# Information:
━━━━━━━━━━━━━━━━━━━━

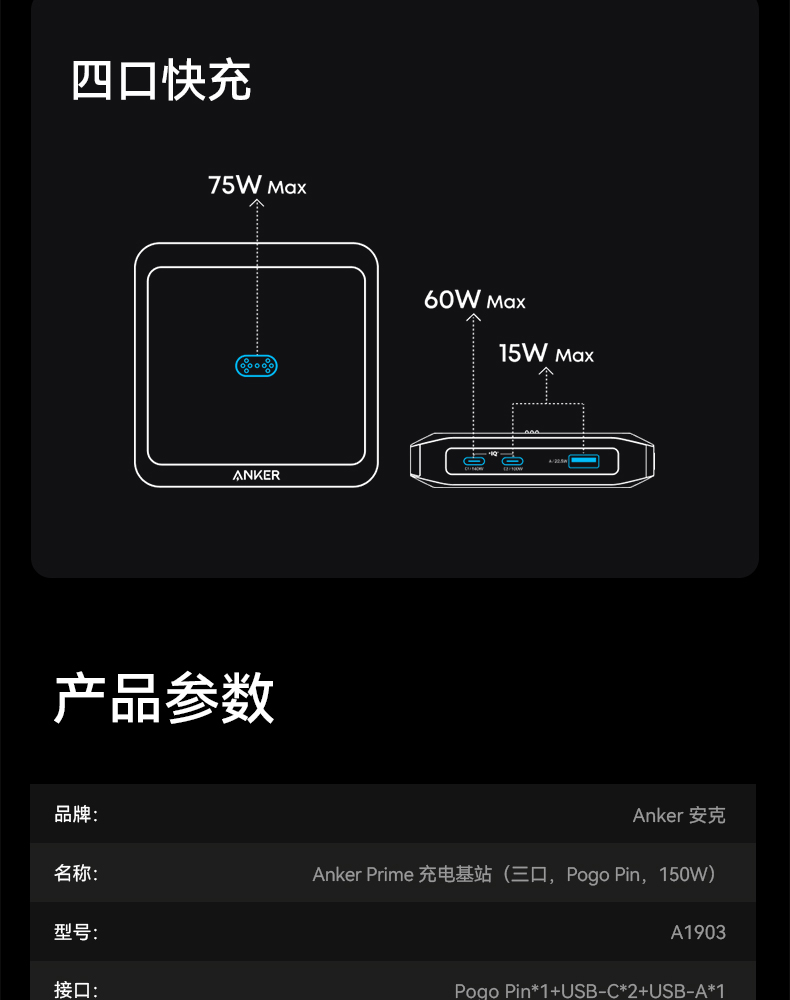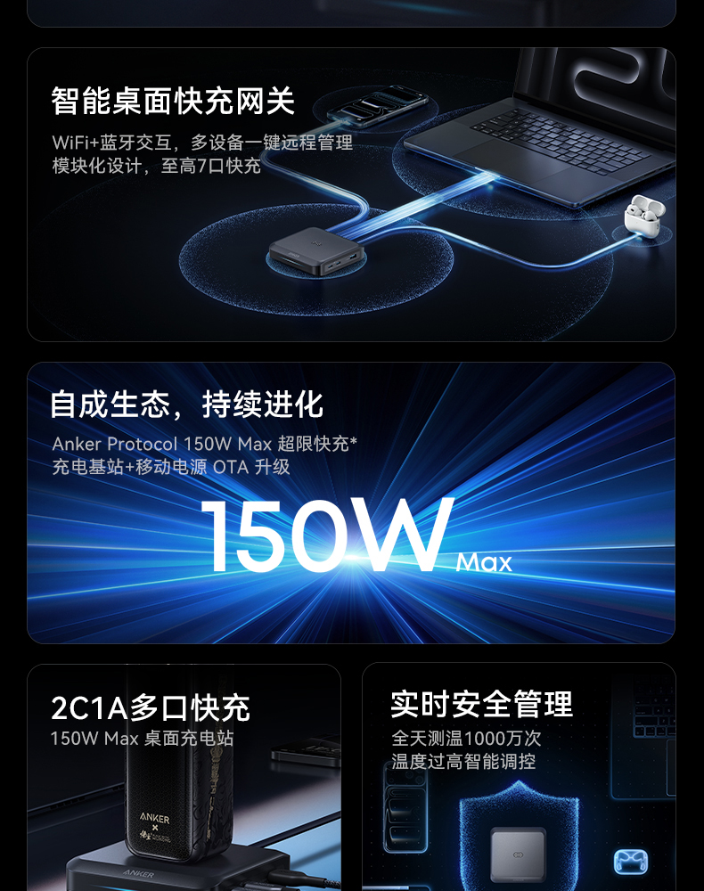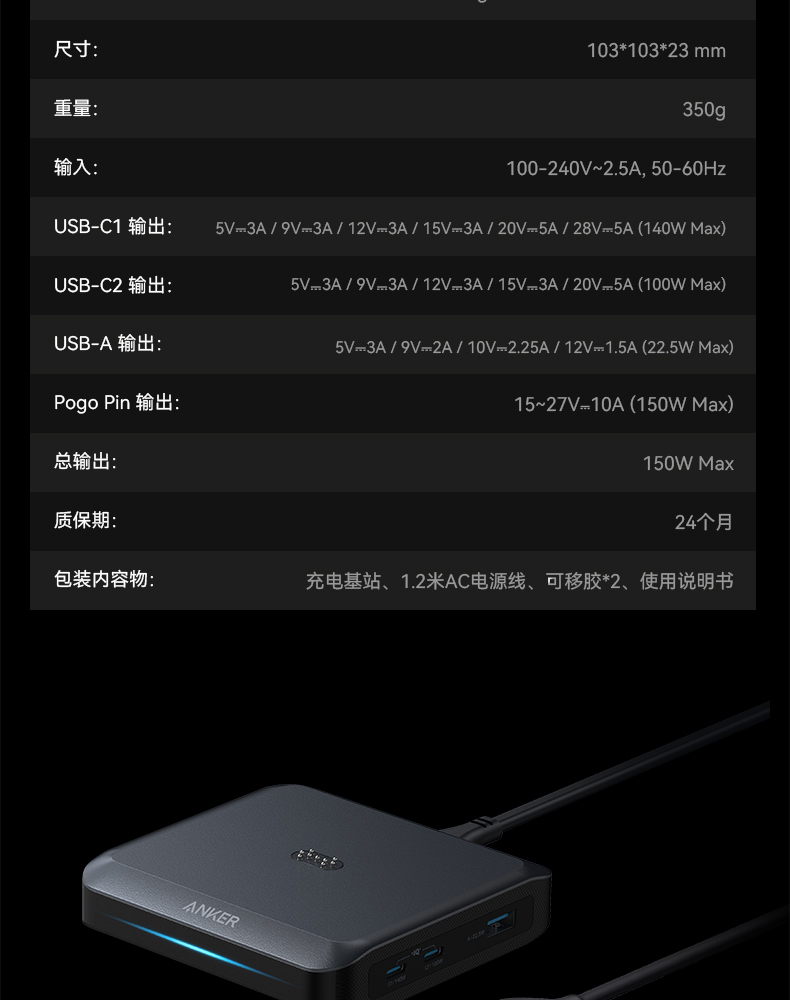 【新品】Anker安克 Prime系列 150W 桌面充电站 Pro A1903
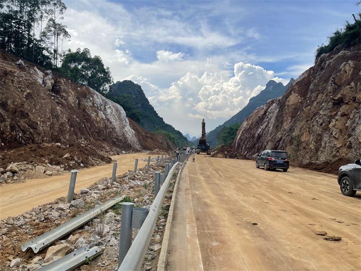 賀州(賀街)至富川一級公路二期工程(蓮塘至西灣段)塌方路段邊坡排險施工已基本完成,目前正在開展施工路面現(xiàn)場清理工作,待交警部門現(xiàn)場驗收確認后可開放交通。
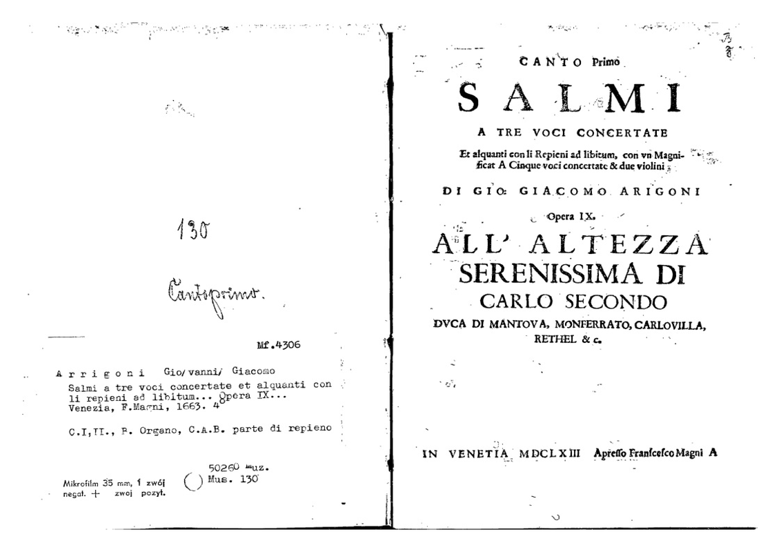 Salmi a tre voci concertate et alquanti con li repieni ad libitum, con un Magnificat a cinque voci concertate & due violini
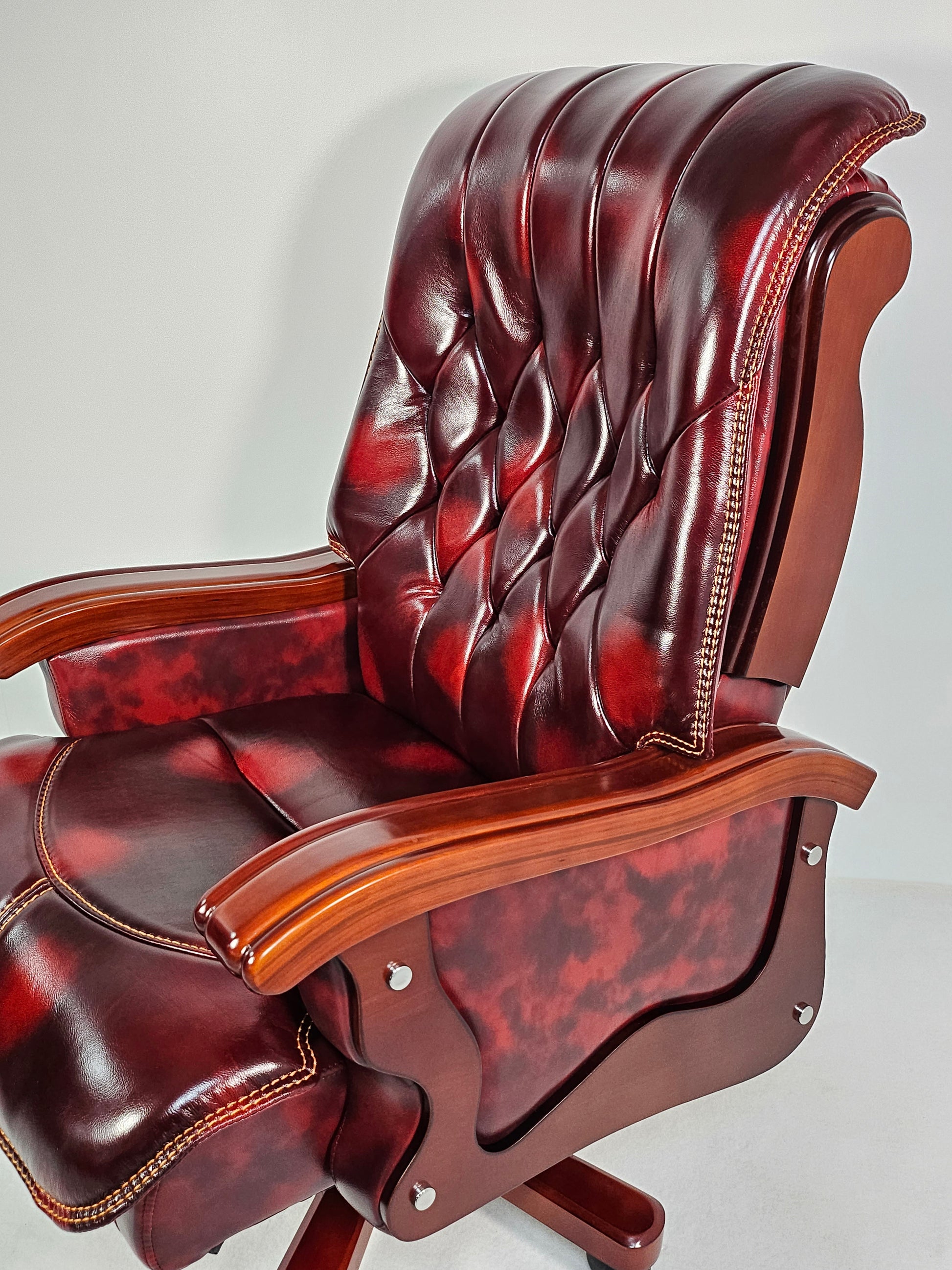 Large Burgundy Genuine Leather Executive Office Chair with Walnut Detailing - A8052
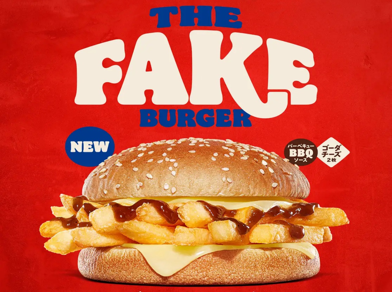 Burger King Japan also posted updated images of the "Fake Burger" without the blur effect that hid what was inside the sandwich. The updated clear picture revealed a burger with french fries instead of the usual beef patty.

━━━━━━━━━━━━━━━━━━━━

Extract word for word every line from the line that contains "賀州(賀街)至富川一級公路二" to the final line of the data, both included, and nothing else; skip the pictures.

 賀州(賀街)至富川一級公路二期工程(蓮塘至西灣段)塌方路段邊坡排險施工已基本完成,目前正在開展施工路面現(xiàn)場清理工作,待交警部門現(xiàn)場驗收確認后可開放交通。
 Salmi a tre voci concertate et alquanti con li repieni ad libitum, con un Magnificat a cinque voci concertate & due violini
 Large Burgundy Genuine Leather Executive Office Chair with Walnut Detailing - A8052
 Burger King Japan also posted updated images of the "Fake Burger" without the blur effect that hid what was inside the sandwich. The updated clear picture revealed a burger with french fries instead of the usual beef patty.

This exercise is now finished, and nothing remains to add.